If you mean "How can I create a company that will allow me to sell a future
interest in the company for way more than I put into it?" Well that answer is
"Play the tech startup game."

During the Dot-Com bubble a company often had a 'friends and family' plan
where if you had a family member working there or knew someone you could
participate in some small way in the IPO. I know families that no longer talk
to each other (even now over a decade later) because of that 'opportunity' so
I'd approach it with caution if offered.

------
nirvana
Why oh Why is the headline about the stock price? Apple's price is $585ish
right now. Apple is not 10 times more expensive than Facebook would be-- only
a bit more than 5 times as expensive. Facebook's price range is around $86B.

It seems a lot of people want to buy a car for a "monthly payment they can
afford" and car dealers have long sold people terrible terms and terribly
overpriced cars by structuring the "monthly payment" lower so the person
thinks the car is cheaper. Its amazing people fall for this.

Yet people react the same way to stock prices and NYT is putting the stock
price in the headline?

How about "Rather than the $100B expected, Facebook is set to IPO at around
$86B".

And more importantly-- and relevant to anyone who might want to buy the
stock-- what's that work out to as a PE[1]? Doesn't appear anywhere in the NYT
article that I could see.

So, is $86B expensive? Cheap? We don't know.
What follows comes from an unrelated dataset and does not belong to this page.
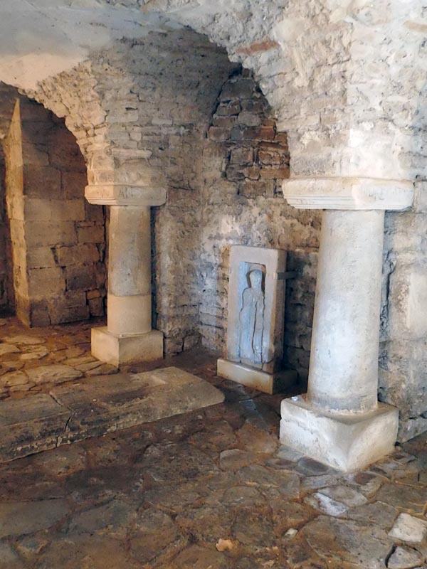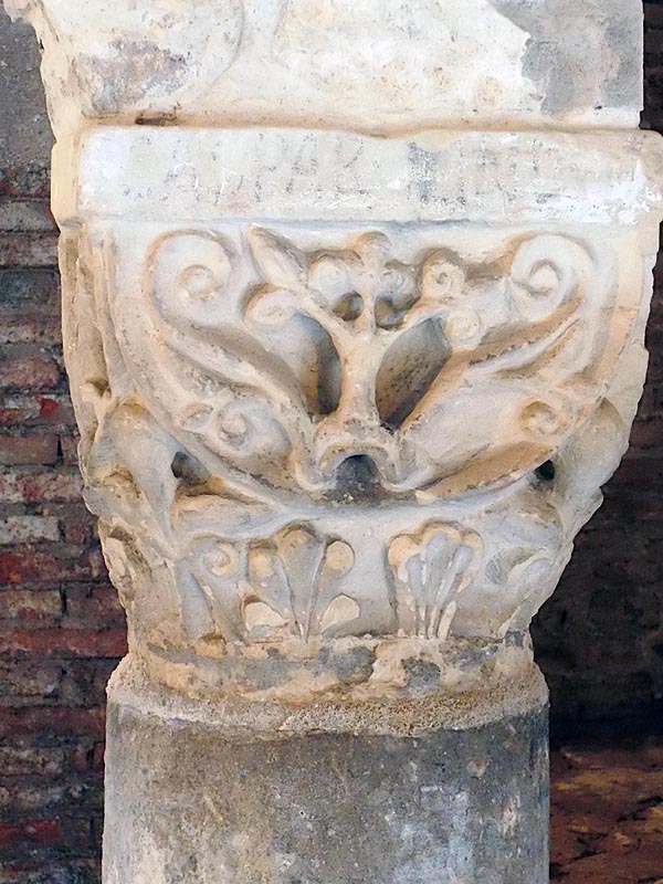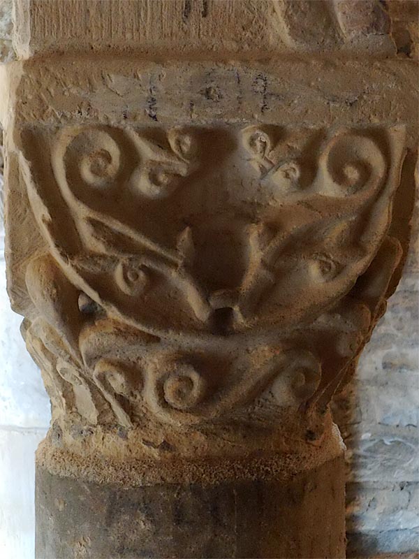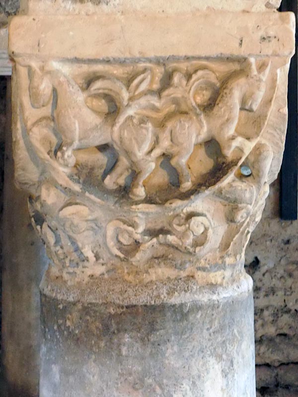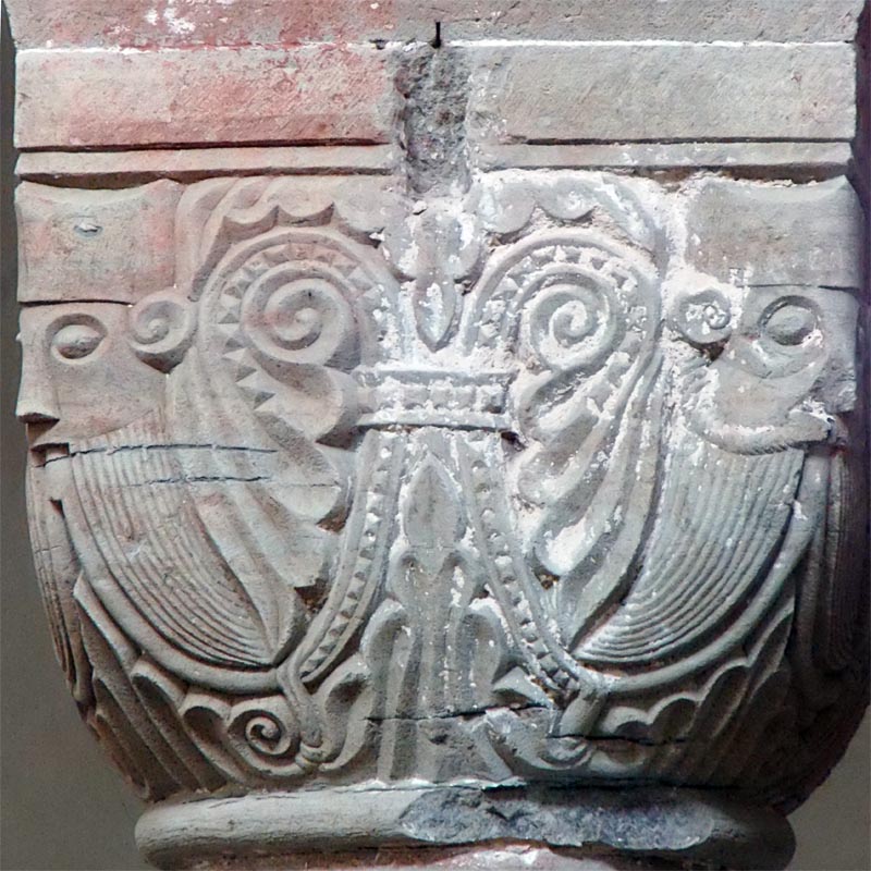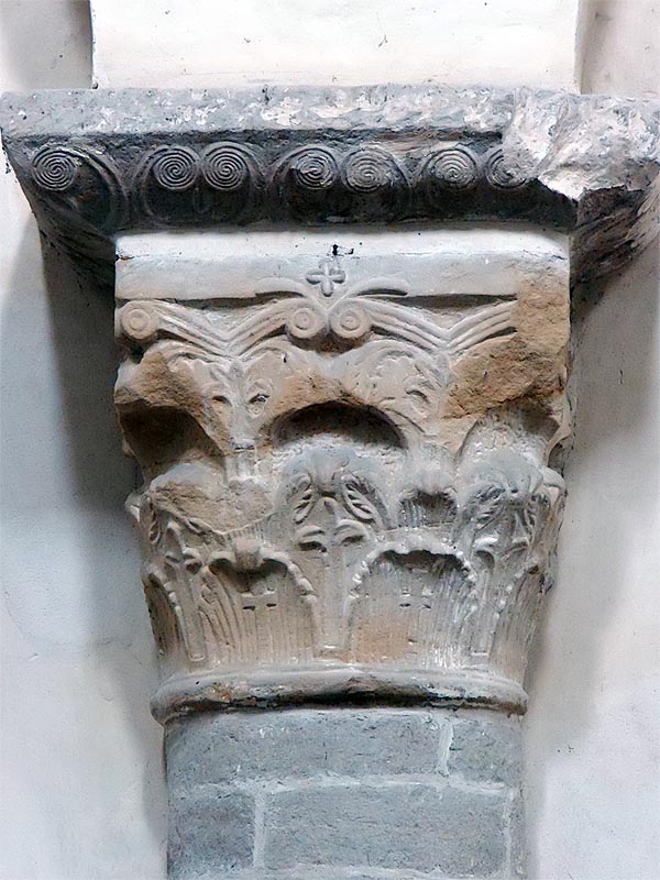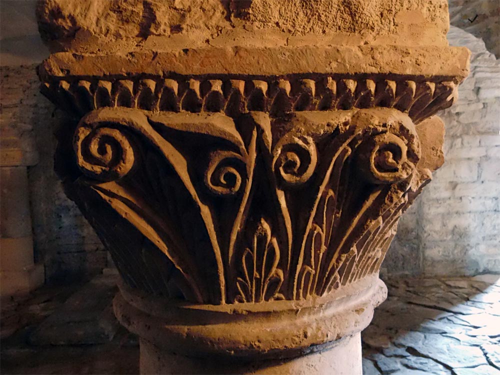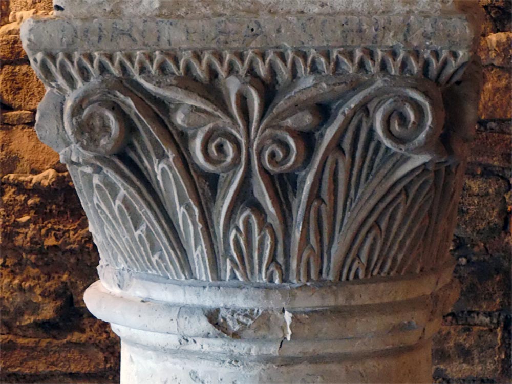 scheinen. Nur zwei von diesen Säulen haben noch ihre alten Kapitäle; das eine ist ein Blätterkapitäl, ungefähr den Formen eines römischen Kapitäles verwandt; das andre hat die Grundform eines unten abgestumpften Würfels, dessen Seitenflächen mit sorgfältig ausgeführten und zum Theil frei vorspringenden Verzierungen, Arabesken und Thierfiguren, versehen sind. Von Stuck-Ueberzug findet sich keine Spur. Da es uns an eigner sicherer Anschauung fehlt, so wagen wir kein Urtheil über die Zeit, in welcher die Gruftkirche erbaut ist, auszusprechen; doch dürfte es als wahrscheinlicher anzunehmen sein, daß sie nicht der ursprünglichen Anlage der Kirche, sondern dem im zwölften Jahrhundert Statt gehabten Umbau angehört.

[1] On a trailing twelve months basis. I'm sure its in the prospectus, and
anybody with financial literacy will look it up before buying the stock, but I
still bet that a lot of people will say "$35? I can afford $35!" or "I've got
$3,500 in my brokerage, I'll buy 100 shares! Can you imagine what those 100
shares will be worth when Facebook catches up to google and is priced at $350
a share?!" I don't think Facebook will be worth $860B+ in the next decade.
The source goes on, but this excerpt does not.